Его новое «плохо» было простым. Каким-то детским – с оттопыренной губой, с легкими, но жгучими слезами, которых он отчаянно стыдился, а потому воли не давал. Есть, пить, ходить на горшок и просто ходить, говорить тоже. Понимать, где право, где лево, соединять снег и зиму, лужи и осень, ориентироваться по часам – чтобы что?
Чтобы вырасти и пойти работать? Чтобы вернуться и всем доказать?
Чтобы снова владеть теми, кто забыл его так же быстро, как это сделал бы он сам?
Он думал о том, как вел бы себя в этой ситуации Первый. И как вела бы себя бабка.
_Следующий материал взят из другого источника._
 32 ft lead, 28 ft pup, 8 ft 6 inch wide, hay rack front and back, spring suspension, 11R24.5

Первый лечился бы. Самозабвенно. Он окружил бы себя ими всеми, держал на коротком поводке своим длинным знанием их пустых, но обидных секретов. Они бы, и сам Савелий, считали за счастье помочь, подать, подтереть… Они бы ждали, когда он сдохнет, когда замолчит, но мыли бы ноги и пили воду.
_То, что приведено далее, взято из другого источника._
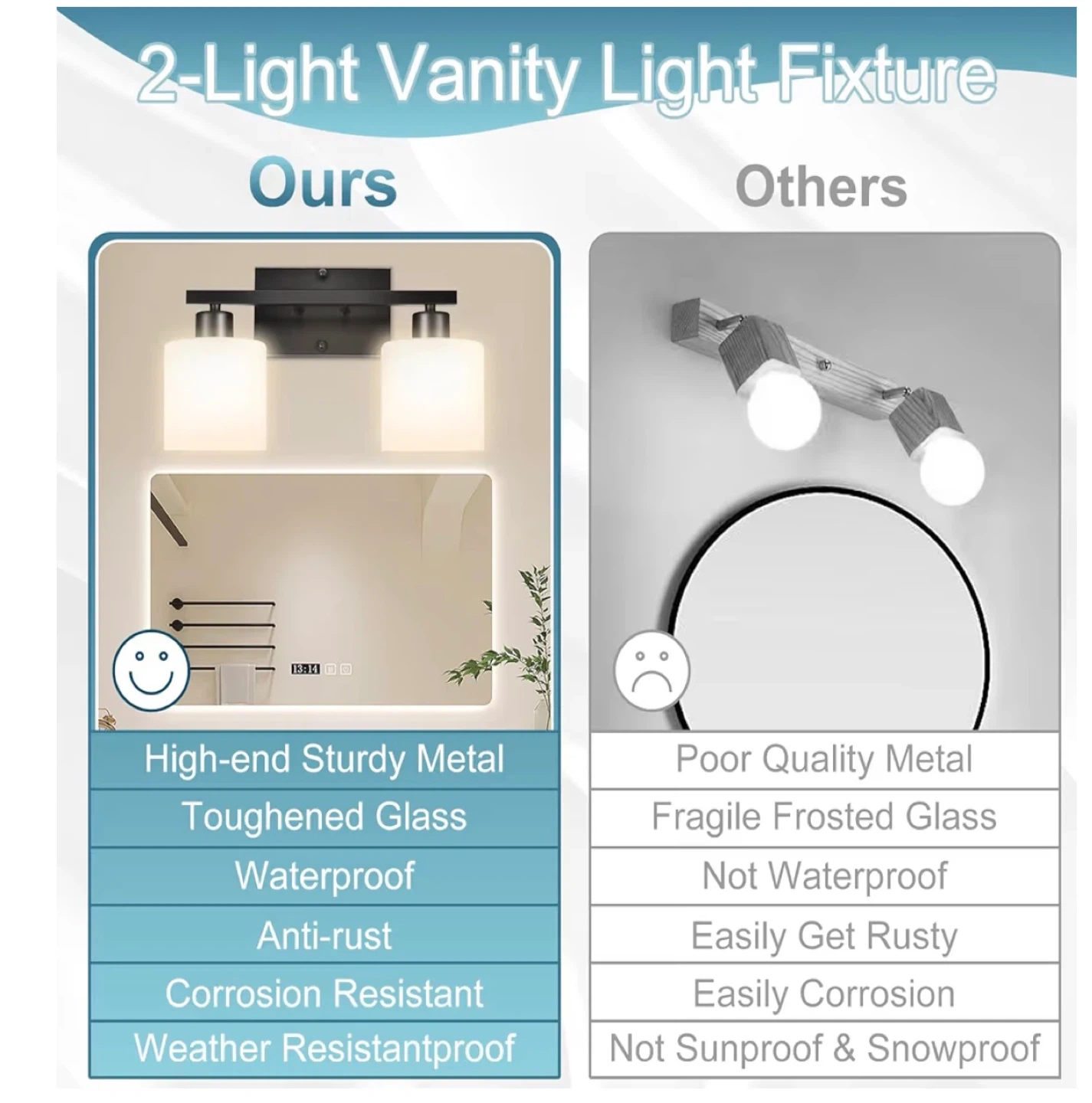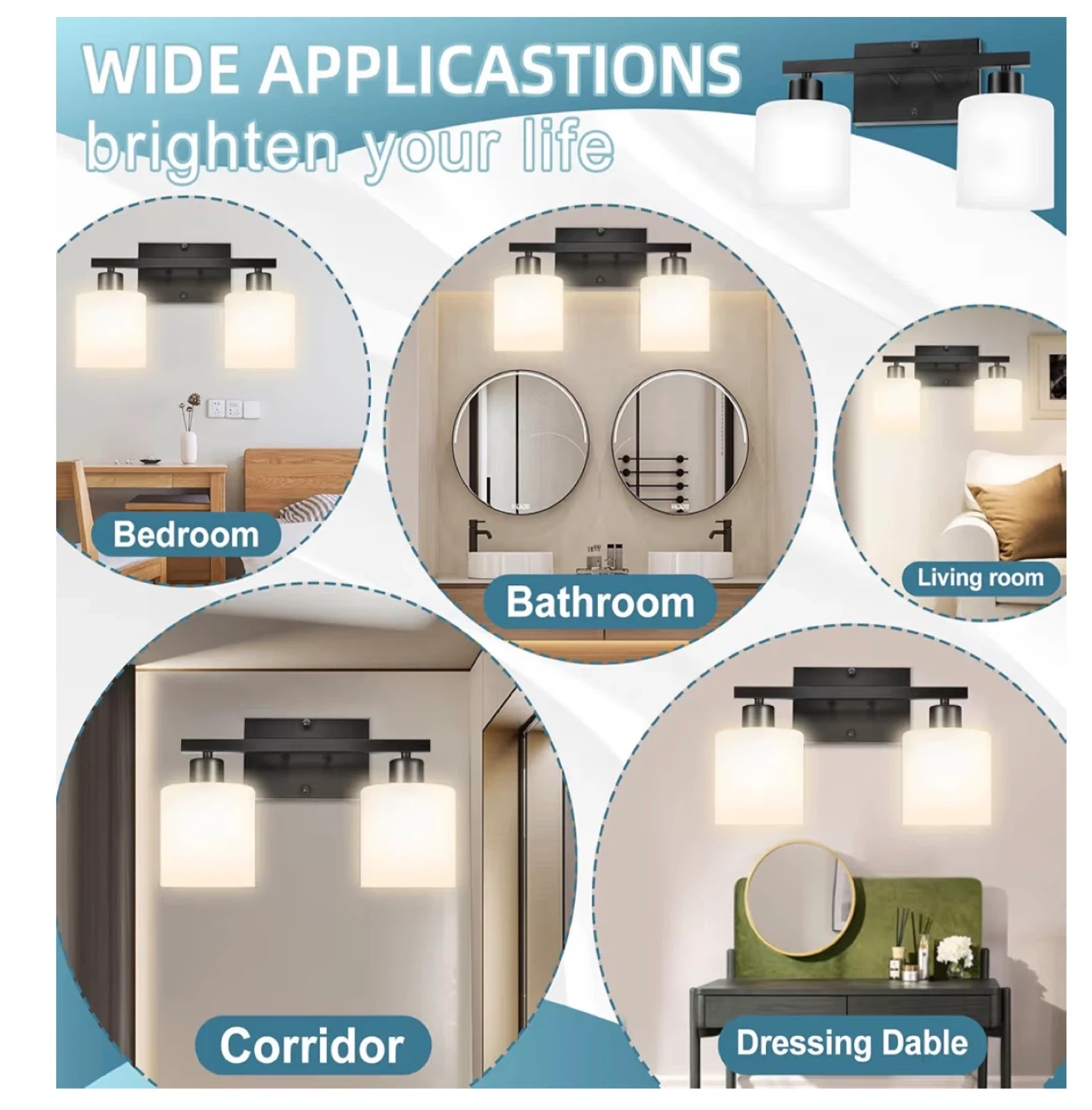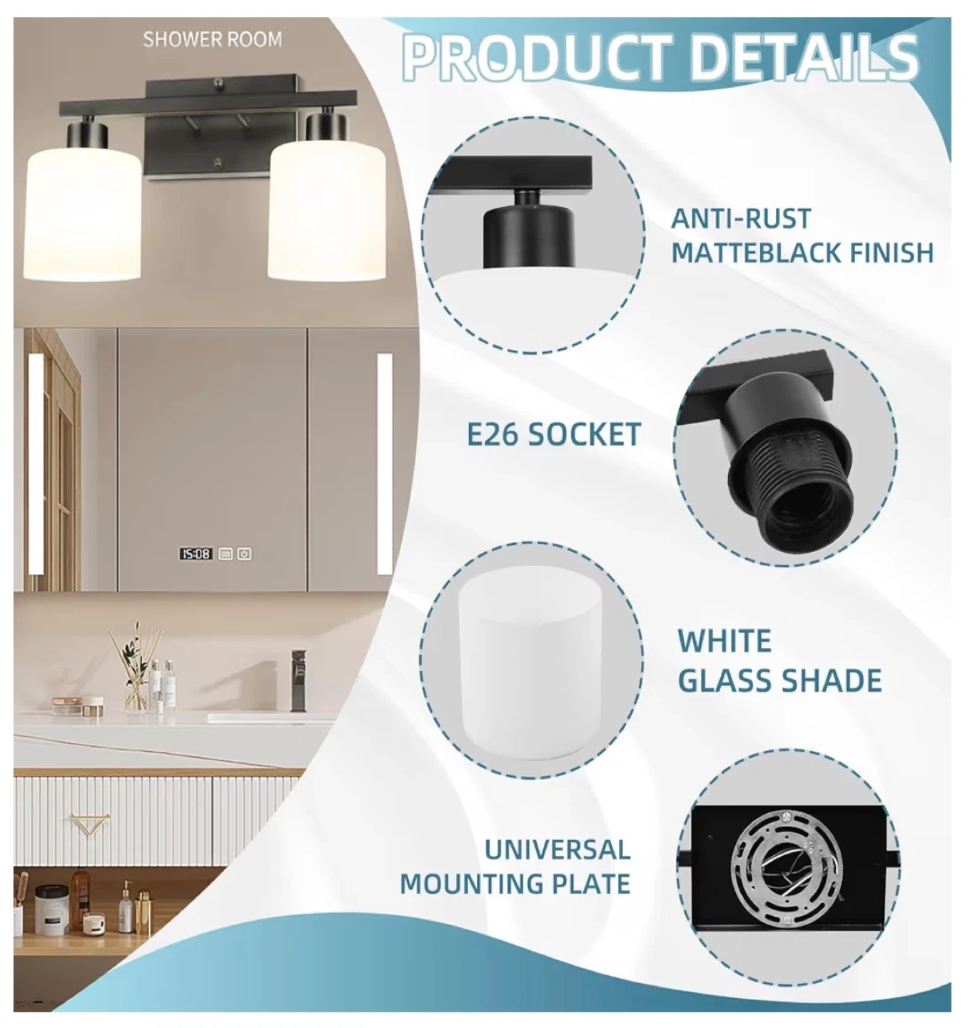 This is a 2-light vanity light fixture with a matte black finish. It features white glass shades and E26 sockets. The fixture has an anti-rust and corrosion-resistant design. Mounting plate is universal.

А бабка гоняла бы змея. Заливала бы страх до состояния, в котором хотелось песни и драки, кричала бы через забор соседям. И те, слетаясь на дармовую выпивку, орали бы с ней матерные частушки, чтобы разругаться без повода и помириться без сердца.
И бабка, и Первый умирали бы так, как жили.
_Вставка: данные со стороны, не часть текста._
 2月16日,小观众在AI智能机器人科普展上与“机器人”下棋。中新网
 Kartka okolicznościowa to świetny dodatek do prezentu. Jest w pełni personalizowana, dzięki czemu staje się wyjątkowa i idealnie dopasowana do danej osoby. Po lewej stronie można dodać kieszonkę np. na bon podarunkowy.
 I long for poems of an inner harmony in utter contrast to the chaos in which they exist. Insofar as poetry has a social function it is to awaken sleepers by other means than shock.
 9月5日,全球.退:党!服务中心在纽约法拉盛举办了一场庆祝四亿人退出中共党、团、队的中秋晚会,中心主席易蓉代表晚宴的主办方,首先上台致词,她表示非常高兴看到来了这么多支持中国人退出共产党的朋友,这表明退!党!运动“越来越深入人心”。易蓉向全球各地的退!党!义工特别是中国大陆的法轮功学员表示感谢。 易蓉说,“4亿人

Выходило, что Савелий не жил никак. Но у него было достаточно денег, чтобы этого не замечать.
«Давай побреемся, – сказал Федор. – Хочешь, я парикмахершу тебе привезу. Заодно и пострижет».
«Зачем?» – спросил Савелий.
«Косы скоро плести будем, – огрызнулся Федор. Помолчал. Добавил нехотя: – К тебе телевизор из Москвы. Сейчас у Машки сидит. Очень просит…»
«Кто просит? Кто сидит? Какой телевизор?»
Савелий знал все ответы на все вопросы. Он просто прошивал панику звуками. Прятался за шумом, как делал всегда.
«Я тоже сказал, что ни к чему это. Клоуна из тебя делать… На весь мир».
«Пусть приедет, – сухо бросил Савелий. – Пусть приедет сама, без камер…»
Наташа шумно вздохнула, загремела посудой. Затеялась с уборкой. Впустила в комнаты запахи – среди них Савелий узнавал сосну, немного химическую, резкую, ландыш и мокрую газету. Наташа мыла окна, полировала двери, натирала кафель.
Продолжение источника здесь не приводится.